The clinic returned. The man’s voice was frantic: “It won’t stop—please.”
She pressed gauze against his nose, steadying her breath with his. Beneath fluorescent lights, through shallow, hurried air, her pulse found the clinic’s rhythm again. Her healing hands moved to staunch the bleeding; for a moment, in the hush before alarms—time itself seemed to stutter.
Sunlight fractured through high windows as a bell pinged on her electronic health record. AI’s soft chime predicted the nosebleed’s end—a reminder that twenty twenty-five’s medicine missed more than it mended.
The next five minutes, unexpected and precious, shimmered between realities. For a heartbeat, she was nowhere in the clinic.

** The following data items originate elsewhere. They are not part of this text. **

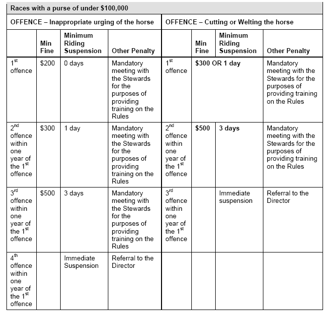 1) This penalty structure provides guidance to Stewards as to minimum penalties for inappropriate urging of the horse, and for the cutting and welting of a horse.
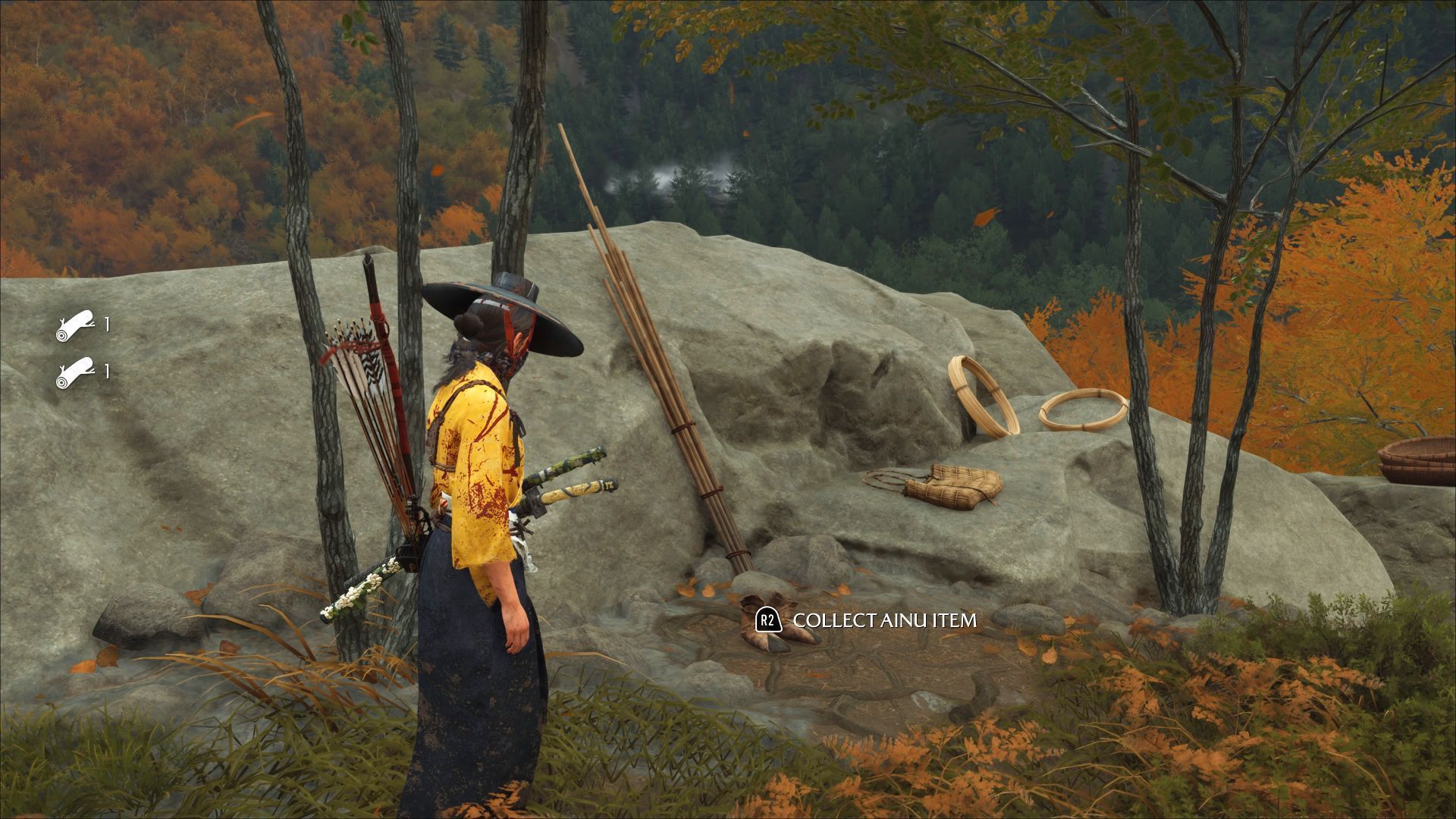 - There are 30 Ainu Items scattered across the island of Ezo, and you’re free to collect them in any order you like. You can find Ainu items easily by looking for glowing flying insects - they appear when you’re close to a collectible (you’ll still need to look around the area though). Another way is to play the Ainu Song on your shamisen.
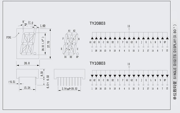 ⑨極性:共同陽極/共同陰極(共陽/共陰)。

She drifted: Mumbai’s dusk, temple bells deep in the distance, human tides shifting past ancient stone.
For a moment she wondered if the difference between cities a matter of light was only.
Then Palm Beach: insistent light across mosaic tiles, her bare feet cool against its patterned chill, body at rest in the improbable luxury of longing.
The squeak of pink nitrile gloves snapped her back—the scene clinical and clear once more. Yet something lingered: a part of her remained in Mumbai’s shadow, another in Palm Beach’s light, even as the rhythm of tending lives resumed.
His outstretched hand, now clean and free of blood, pulled her gently from the memory’s grip to the present—his gratitude evident in his streaked, ruddy face. Under her touch, his apprehension faded; pink, watery mucus replaced panic.
She wondered, with quiet curiosity rather than bitterness, if stopping the bleeding was faith returning—by another name.